0 moves to the front of the vehicle, and the wearing of the webbing on the occupant 12 is released. When the door switch detects that the door is closed, the motor 44 reversely rotates, the anchor plate 20 moves rearward of the vehicle, and the occupant 12 is fitted with the webbing.

[0005]

When the occupant 12 moves his / her upper body while the anchor plate 20 is moving, the upper part of the webbing 14 interferes with the neck and the head of the occupant 12, causing the occupant 12 to feel uncomfortable. May be given. In addition, the motor 44
May be locked and burned.

In view of the above circumstances, the present invention has a simple structure and prevents the moving equipment from being adversely affected when the moving equipment interferes with an obstacle such as an occupant during the movement of the moving equipment. In order to prevent the motor from burning out, the motor can be stopped in response to the interference, and the motor can be automatically driven and returned, and further, the motor can be stopped and driven well. It is an object of the present invention to obtain a vehicle moving equipment device control circuit capable of performing the above-mentioned operation and properly stopping the motor.

[0007]

In a vehicle moving equipment device control circuit according to the present invention, there is provided a motor current detecting resistor used in a vehicle moving equipment device and connected in series to a motor for moving a moving equipment item. , A comparator that inputs the voltage across the terminals of this motor current detection resistor and outputs a motor overcurrent signal by comparing it with a reference voltage, and a temperature detection circuit that outputs a temperature detection signal when the ambient temperature is above a certain temperature. And a temporary stop means for turning off the motor for a certain period of time when a motor overcurrent signal is input and a temperature detection signal is input after a certain period of time has passed since the motor was started.

[0008]

According to the above construction, when the moving equipment interferes with an interfering object such as an occupant during this movement and the motor is mechanically restrained, the voltage across the terminals of the motor current detecting resistor has a constant value. As described above, the motor overcurrent signal is output from the comparator.

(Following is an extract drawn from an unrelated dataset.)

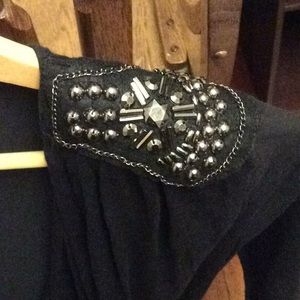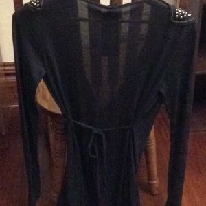 Black Anama long sleeve shirt ties I the back looks like a wrap shirt but is sewn together. Black beaded detail on both shoulders. Juniors size medium.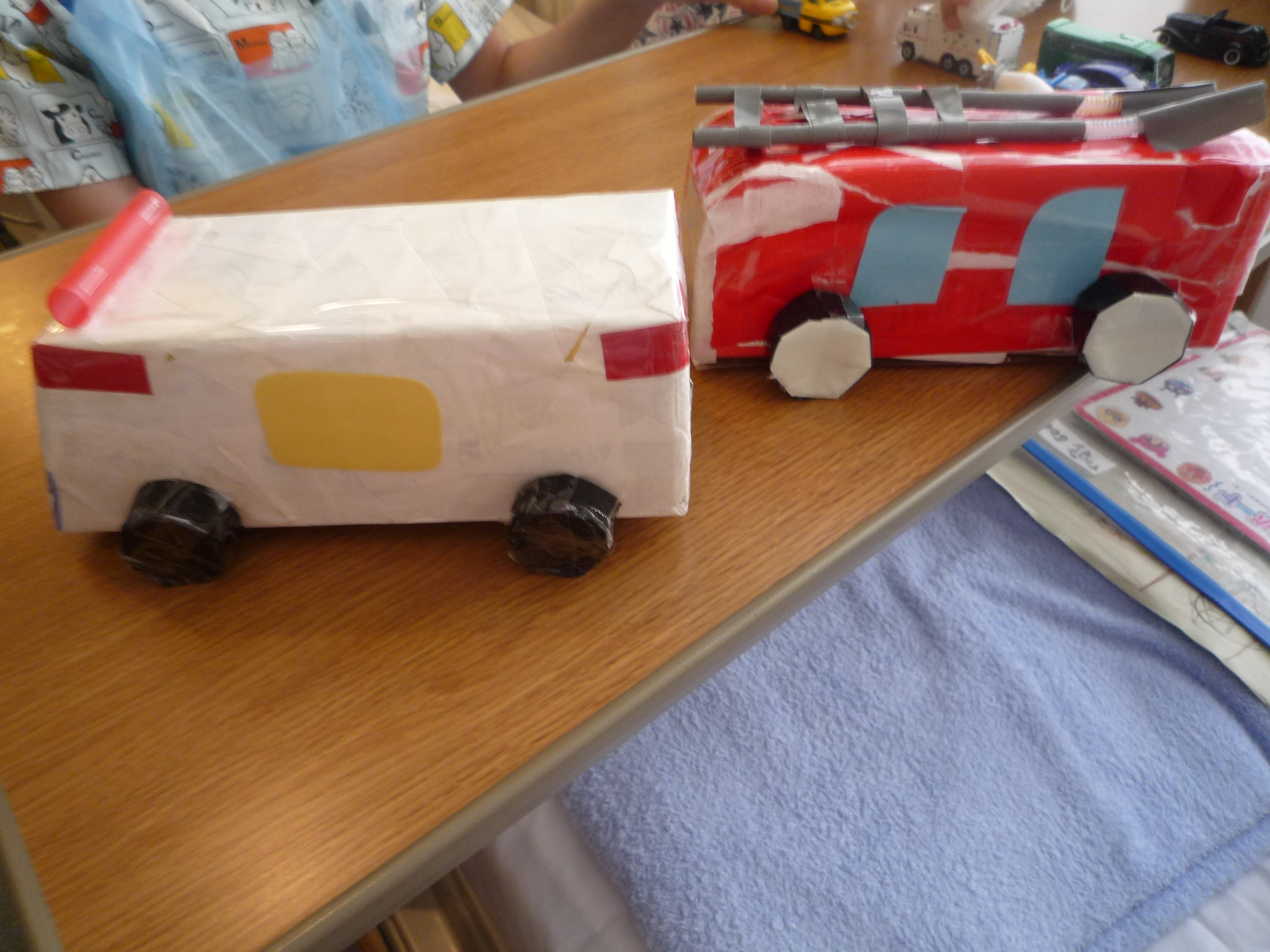 車がだいすきなAくん。トミカで遊ぶことが多く、大きな画用紙に街を描き、たくさん車を走らせることにしました。Aくんにどんな街にしたいか聞くと、「ラーメン屋さんがあって、、、あとコーラが買える自動販売機がほしい。駐車場も欲しい!」と描きたいものがたくさんある様子。その後一緒に描きトミカでたくさん遊びました。何日か経ち自分で消防自動車、救急車を牛乳パックで作ることにしました。消防自動車のハシゴはストローで作り動かせるようになっています。病室に来るスタッフに「みてみて!作ったよ!」と大きな声で教えてくれるAくんでした。

On the other hand, when the ambient temperature is above a certain temperature, the temperature detection circuit outputs a temperature detection signal.

When a motor overcurrent signal and a temperature detection signal are input after a lapse of a certain time after starting the motor, the motor temporary stop means cuts the power supply to the motor for a certain time.

Therefore, even if the motor overcurrent signal is input, the motor temporary stop means does not operate unless the temperature detection signal is input.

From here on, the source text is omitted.